TL;DR: GME is a safe haven asset with strong fundamentals and a demand that will only be increasing post-split. The economic factors associated with GME will inevitably beget MOASS, and ultimately pave the way for a potential GME price per share in the millions.

------------------------------------------------------------------------------------------------------------------------------------------------

Recommended Prerequisite DD:

  1. SHFs Can & Will Get Margin Called

  2. Burning Cash

------------------------------------------------------------------------------------------------------------------------------------------------

Economic Principles of GameStop

§1: Supply & Demand Analysis

§2: Stock Split (In the Form of a Dividend)

§3: GameStop's Fundamentals

§4: GME as a Store of Value

------------------------------------------------------------------------------------------------------------------------------------------------

§1: Supply & Demand Analysis

The supply and demand factors of GameStop can be demonstrated with a few simplistic models.

We all know the basic market dynamics that shape prices in a microeconomic setting, but in the case of GameStop, we're constricted by heavy SHF manipulation.

We can consider this constraint imposed by SHFs as a price ceiling.

Now, generally, when we have a price ceiling, we'd be facing a circumstance as illustrated by the following graph:

Price equilibrium is denoted by P^E & price ceiling is denoted by P^C.

In essence, the price is not being allowed to move any higher; this is comparable to GME being forced below critical margin levels. However, unlike the general model, there is no shortage of shares. There is a shortage of real shares, but not synthetics. SHFs can combine covered calls and married puts to create a synthetic share (see Fidelity's webinar presentation on synthetics for further details). This is why registering your GME shares makes matters more costly and difficult for SHFs in the long run. And in the event all shares get accounted for (the free float gets locked), MOASS would ignite, as there would no longer be room for fake shares to exist when every GME share has been publicly and visibly recorded. Although, the MOASS would most likely take place well before then.

We can obtain further confirmation of price suppression (and a SHF imposed price ceiling), by analyzing DRS rates.

Computershare accounts have only been increasing since nearly an entire year.

Courtesy of Ape "8ate8"

Same with DRS'ed shares. These are the number of registered shares since the past month.

computershared.net

Since September 2021, Apes have registered over 16 million GME shares, yet instead of the price steadily increasing along with DRS rates increasing, it has steadily been going down in the long-term (this is because of SHF price suppression and because their critical margin levels have continued to slowly decrease over time). The current GME price movement is inconsistent with a stock that is actively being directly registered, and especially when registration rates are increasing per quarter (as confirmed by GameStop's most recent 10Q).

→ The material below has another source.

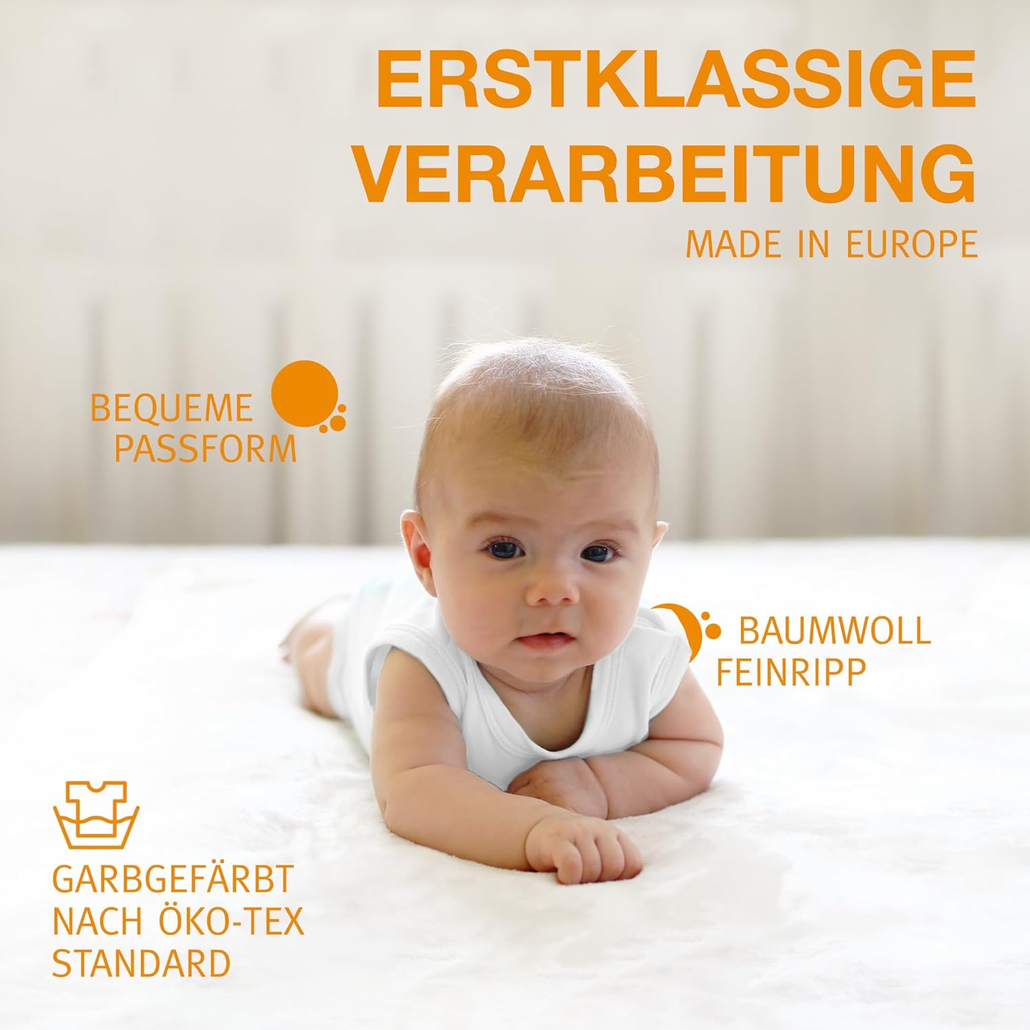- 100% BAUMWOLLE: Unsere Bodys sind aus 100% super weicher Baumwolle (Feinripp mit 210 g/qm) gefertigt und haben im Schritt drei nickelfreie Druckknöpfe zum schnellen Auf- und Zumachen. Deshalb sind sie besonders hautsympathisch und auch für Kinder

As such, it can be said with a high degree of confidence that there is heavy price suppression from SHFs, which is algorithmically constraining GME from reaching legitimate price discovery.

Synthetics, IOUs, dark pool manipulation, short ladder attacks, spoofing, FTDs, and a variety of other means of manipulation are used to prevent the price from surpassing the SHF imposed price ceiling (aka critical margin levels).

When the time comes for SHFs to close all their short positions, whether it be due to DRS, failed margin calls, etc., or a SHF is being liquidated and the DTCC computers kick in to close all short positions, the shares will need to be bought at whatever price.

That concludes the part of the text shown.